EXERCISE
Exactly the lines from the one with "Кусачка? (Л. Андреев)" to the end of the entries should appear in your answer, retyped word for word.

[Start of section]

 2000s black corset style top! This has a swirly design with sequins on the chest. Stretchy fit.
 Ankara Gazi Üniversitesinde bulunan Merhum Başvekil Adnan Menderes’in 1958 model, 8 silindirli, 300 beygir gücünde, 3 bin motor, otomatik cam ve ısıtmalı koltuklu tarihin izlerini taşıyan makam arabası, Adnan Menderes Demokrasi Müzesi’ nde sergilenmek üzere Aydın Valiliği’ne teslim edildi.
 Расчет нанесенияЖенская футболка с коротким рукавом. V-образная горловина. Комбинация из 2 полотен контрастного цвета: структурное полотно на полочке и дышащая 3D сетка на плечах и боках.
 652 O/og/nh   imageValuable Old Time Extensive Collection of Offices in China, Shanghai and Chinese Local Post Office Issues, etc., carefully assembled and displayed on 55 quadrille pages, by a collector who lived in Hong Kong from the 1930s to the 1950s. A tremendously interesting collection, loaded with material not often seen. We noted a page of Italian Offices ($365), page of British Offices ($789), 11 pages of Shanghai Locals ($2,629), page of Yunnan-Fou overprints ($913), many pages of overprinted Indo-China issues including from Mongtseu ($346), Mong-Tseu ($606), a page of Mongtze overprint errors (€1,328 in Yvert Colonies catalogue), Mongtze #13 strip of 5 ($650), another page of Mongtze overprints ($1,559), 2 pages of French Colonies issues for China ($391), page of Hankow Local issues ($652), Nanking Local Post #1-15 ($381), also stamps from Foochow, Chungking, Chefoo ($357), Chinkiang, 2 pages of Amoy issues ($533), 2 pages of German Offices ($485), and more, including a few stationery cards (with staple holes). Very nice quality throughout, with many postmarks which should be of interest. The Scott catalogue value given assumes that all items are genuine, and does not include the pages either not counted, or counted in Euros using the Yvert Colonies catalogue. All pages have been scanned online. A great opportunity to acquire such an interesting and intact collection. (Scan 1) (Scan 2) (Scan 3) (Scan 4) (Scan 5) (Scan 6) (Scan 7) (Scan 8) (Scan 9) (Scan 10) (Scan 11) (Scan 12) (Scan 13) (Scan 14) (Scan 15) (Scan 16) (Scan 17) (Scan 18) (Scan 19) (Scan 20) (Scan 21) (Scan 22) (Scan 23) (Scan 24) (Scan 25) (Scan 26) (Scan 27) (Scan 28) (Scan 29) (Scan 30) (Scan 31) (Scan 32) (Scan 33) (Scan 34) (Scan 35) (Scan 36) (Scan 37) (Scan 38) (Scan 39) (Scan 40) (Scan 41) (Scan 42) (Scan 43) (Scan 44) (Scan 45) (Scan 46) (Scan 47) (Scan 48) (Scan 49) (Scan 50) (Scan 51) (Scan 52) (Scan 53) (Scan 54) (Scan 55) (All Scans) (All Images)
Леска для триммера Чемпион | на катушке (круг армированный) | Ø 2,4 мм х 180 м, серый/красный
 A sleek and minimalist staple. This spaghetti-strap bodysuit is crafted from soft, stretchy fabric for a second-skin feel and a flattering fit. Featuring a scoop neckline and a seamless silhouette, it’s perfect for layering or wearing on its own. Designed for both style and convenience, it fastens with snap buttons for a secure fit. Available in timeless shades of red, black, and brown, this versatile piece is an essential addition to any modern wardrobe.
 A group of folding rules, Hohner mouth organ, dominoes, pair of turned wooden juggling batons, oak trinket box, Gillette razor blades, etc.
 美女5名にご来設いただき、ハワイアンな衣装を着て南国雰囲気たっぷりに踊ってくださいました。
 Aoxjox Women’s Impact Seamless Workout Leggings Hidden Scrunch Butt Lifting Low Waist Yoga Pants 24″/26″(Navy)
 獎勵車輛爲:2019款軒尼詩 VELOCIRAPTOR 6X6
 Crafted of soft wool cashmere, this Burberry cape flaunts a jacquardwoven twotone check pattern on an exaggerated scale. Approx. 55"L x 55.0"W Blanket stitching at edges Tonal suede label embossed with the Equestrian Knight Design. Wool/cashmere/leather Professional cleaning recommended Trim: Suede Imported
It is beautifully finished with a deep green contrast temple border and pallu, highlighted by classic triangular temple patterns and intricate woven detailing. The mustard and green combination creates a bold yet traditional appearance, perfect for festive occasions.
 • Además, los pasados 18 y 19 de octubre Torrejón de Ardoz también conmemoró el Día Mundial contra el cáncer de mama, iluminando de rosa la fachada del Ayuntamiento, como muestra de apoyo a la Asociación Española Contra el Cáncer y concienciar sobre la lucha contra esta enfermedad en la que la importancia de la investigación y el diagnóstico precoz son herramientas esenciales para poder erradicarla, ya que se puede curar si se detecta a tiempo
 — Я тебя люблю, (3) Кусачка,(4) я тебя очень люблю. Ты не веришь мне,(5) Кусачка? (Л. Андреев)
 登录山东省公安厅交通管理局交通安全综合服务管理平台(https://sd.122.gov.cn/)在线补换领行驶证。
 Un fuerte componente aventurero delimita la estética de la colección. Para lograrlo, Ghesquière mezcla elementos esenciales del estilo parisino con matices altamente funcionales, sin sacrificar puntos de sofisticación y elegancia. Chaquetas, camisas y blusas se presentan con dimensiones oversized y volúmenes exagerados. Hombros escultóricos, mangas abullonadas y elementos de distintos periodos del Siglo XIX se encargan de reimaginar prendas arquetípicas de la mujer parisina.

[End of section]

RESULT
 — Я тебя люблю, (3) Кусачка,(4) я тебя очень люблю. Ты не веришь мне,(5) Кусачка? (Л. Андреев)
 登录山东省公安厅交通管理局交通安全综合服务管理平台(https://sd.122.gov.cn/)在线补换领行驶证。
 Un fuerte componente aventurero delimita la estética de la colección. Para lograrlo, Ghesquière mezcla elementos esenciales del estilo parisino con matices altamente funcionales, sin sacrificar puntos de sofisticación y elegancia. Chaquetas, camisas y blusas se presentan con dimensiones oversized y volúmenes exagerados. Hombros escultóricos, mangas abullonadas y elementos de distintos periodos del Siglo XIX se encargan de reimaginar prendas arquetípicas de la mujer parisina.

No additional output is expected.